Start of PROVIDED DATA

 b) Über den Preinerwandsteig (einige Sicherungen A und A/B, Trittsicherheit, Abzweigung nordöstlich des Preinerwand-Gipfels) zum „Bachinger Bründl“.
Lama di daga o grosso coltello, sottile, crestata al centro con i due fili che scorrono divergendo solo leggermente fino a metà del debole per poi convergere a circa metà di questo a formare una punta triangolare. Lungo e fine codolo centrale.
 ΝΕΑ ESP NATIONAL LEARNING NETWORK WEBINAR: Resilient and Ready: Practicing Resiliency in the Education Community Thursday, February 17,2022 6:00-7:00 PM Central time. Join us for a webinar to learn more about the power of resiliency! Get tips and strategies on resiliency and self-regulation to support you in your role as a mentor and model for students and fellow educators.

End of PROVIDED DATA
Start of PROVIDED DATA

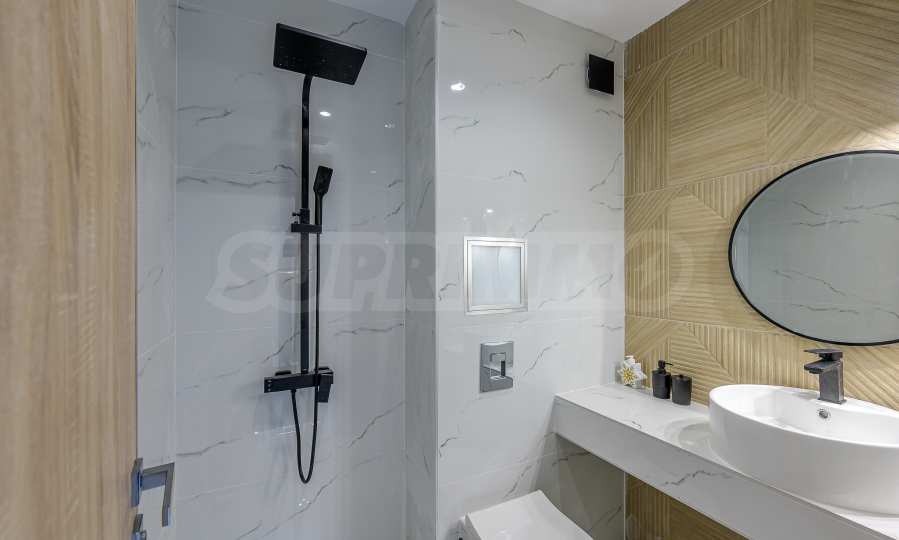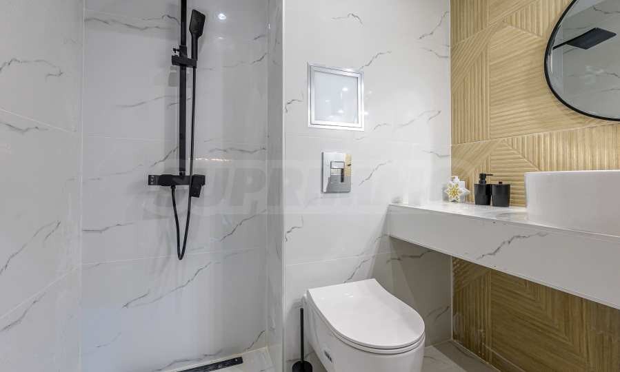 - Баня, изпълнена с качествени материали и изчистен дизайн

End of PROVIDED DATA

PROBLEM | Retype exactly, and only, the lines above from the one where "Lama di daga" occurs up to and including the one where "ΝΕΑ ESP NATIONAL" occurs.

EXPECTED ANSWER |
Lama di daga o grosso coltello, sottile, crestata al centro con i due fili che scorrono divergendo solo leggermente fino a metà del debole per poi convergere a circa metà di questo a formare una punta triangolare. Lungo e fine codolo centrale.
 ΝΕΑ ESP NATIONAL LEARNING NETWORK WEBINAR: Resilient and Ready: Practicing Resiliency in the Education Community Thursday, February 17,2022 6:00-7:00 PM Central time. Join us for a webinar to learn more about the power of resiliency! Get tips and strategies on resiliency and self-regulation to support you in your role as a mentor and model for students and fellow educators.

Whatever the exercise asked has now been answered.